First of all, this is not a language specific question, the below example uses PHP but it's more about the method (regex?) to find the answer.

Let's say I have an array:

$array = ['The Bert and Ernie game', 'The Bert & Ernie game', 'Bert and Ernie game', 'Bert and Ernie game - english version', 'Bert & Ernie (game)', 'Bert and Ernie - game'] etc...

I want to fetch a combination that shows the most important combinations. So I want to do:

$magicPattern = [something that renders most important occurrences];
preg_match($magicPattern, $array, $matches);
print_r($matches);

As an output I would like to receive something like: "Bert and Ernie game"

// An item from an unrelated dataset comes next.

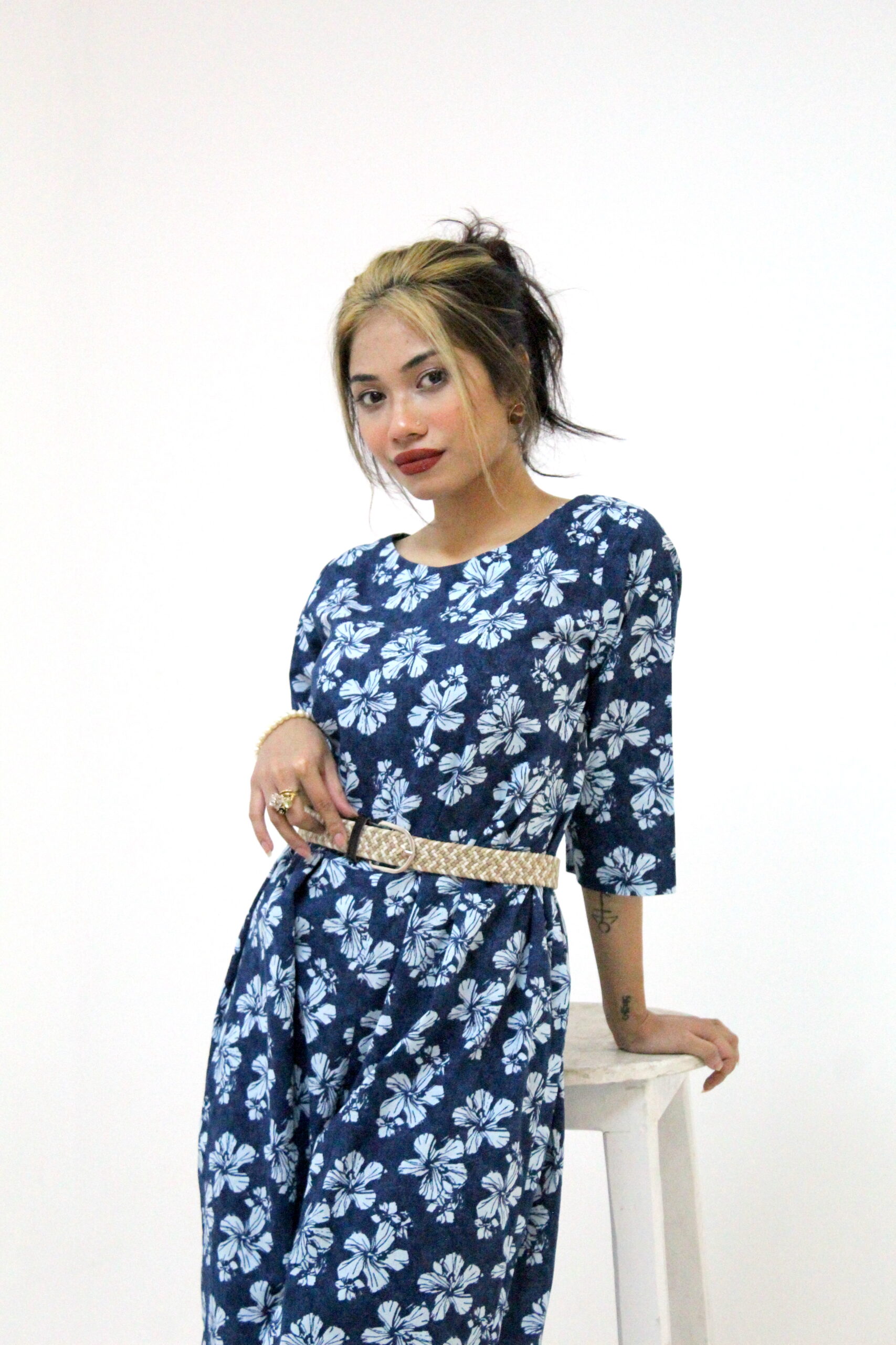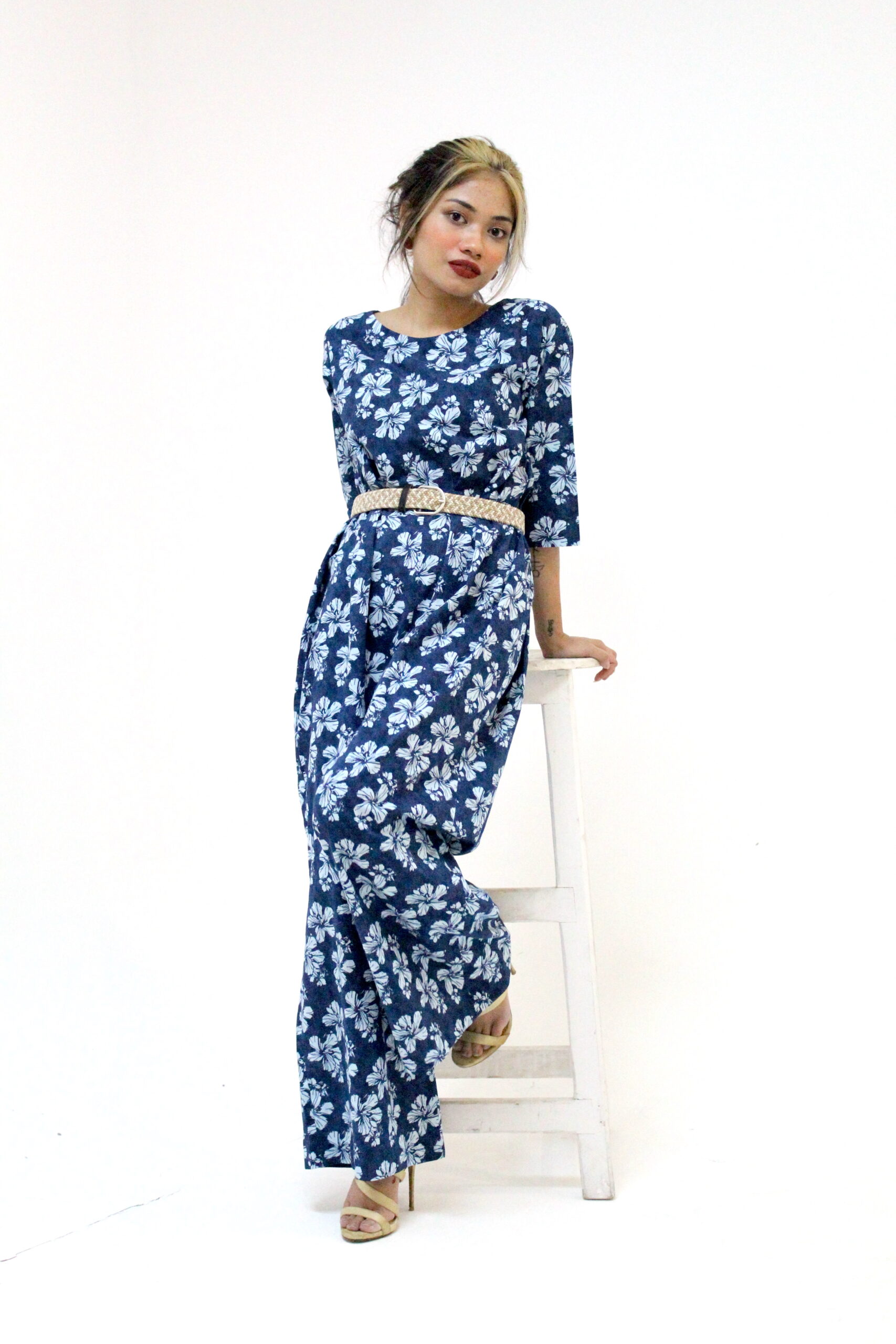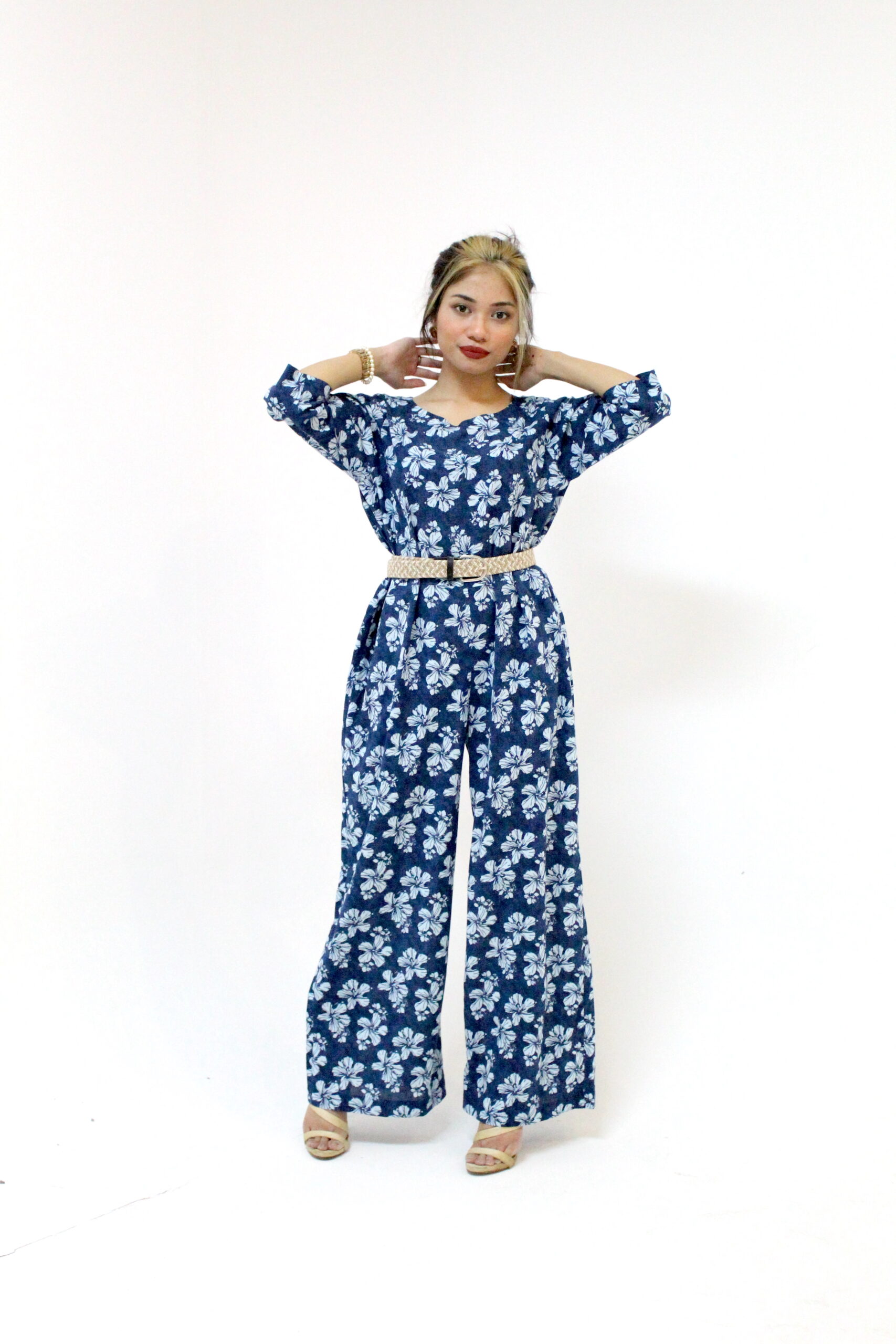 • Design: A charming jumpsuit adorned with a delicate blue floral print, offering a refreshing and feminine touch.

PS: I'm not necessary looking for an actual array, a concept to do this would be great too.

UPDATE:
Current code below, any thoughts if this would be a good way of finding the best version of an occurrence? Having a hard time figuring it out from the source of the function.

$array['The Bert and Ernie game']               =0; //lev distance
$array['The Bert & Ernie game']                 =0; //lev distance
$array['Bert and Ernie game']                   =0; //lev distance
$array['Bert and Ernie game - english version'] =0; //lev distance
$array['Bert & Ernie (game)']                   =0; //lev distance
$array['Bert and Ernie - game']                 =0; //lev distance

foreach($array as $currentKey => $currentVal){
    foreach($array as $matchKey => $matchVal){
        $array[$currentKey] += levenshtein($currentKey, $matchKey);
    }
}

$array = array_flip($array);
ksort($array);

echo array_values($array)[0]; //Bert and Ernie game
Bob van Luijt
  • 7,153
  • 12
  • 58
  • 101
  • 2
    How can the program possibly tell what is important or unimportant? – psmears Jun 17 '15 at 09:37
  • Fair enough. Maybe the word 'important' isn't properly chosen, but the goal of the question makes sense right? – Bob van Luijt Jun 17 '15 at 09:38
  • Not really, unless you can say in a bit more detail what you mean. Do you mean the words individually happen most frequently? Occur most frequently in the same string? Occur most frequently adjacent to each other? Something else? It's a lot easier to help if you can tell us what you actually want :) – psmears Jun 17 '15 at 10:01

2 Answers2

1

There are many different solutions for solving an issue like this, personally I wouldn't recommend a regex for this. This is typically something that you would solve using a fulltext search index (just google fulltext search for many methods to do this).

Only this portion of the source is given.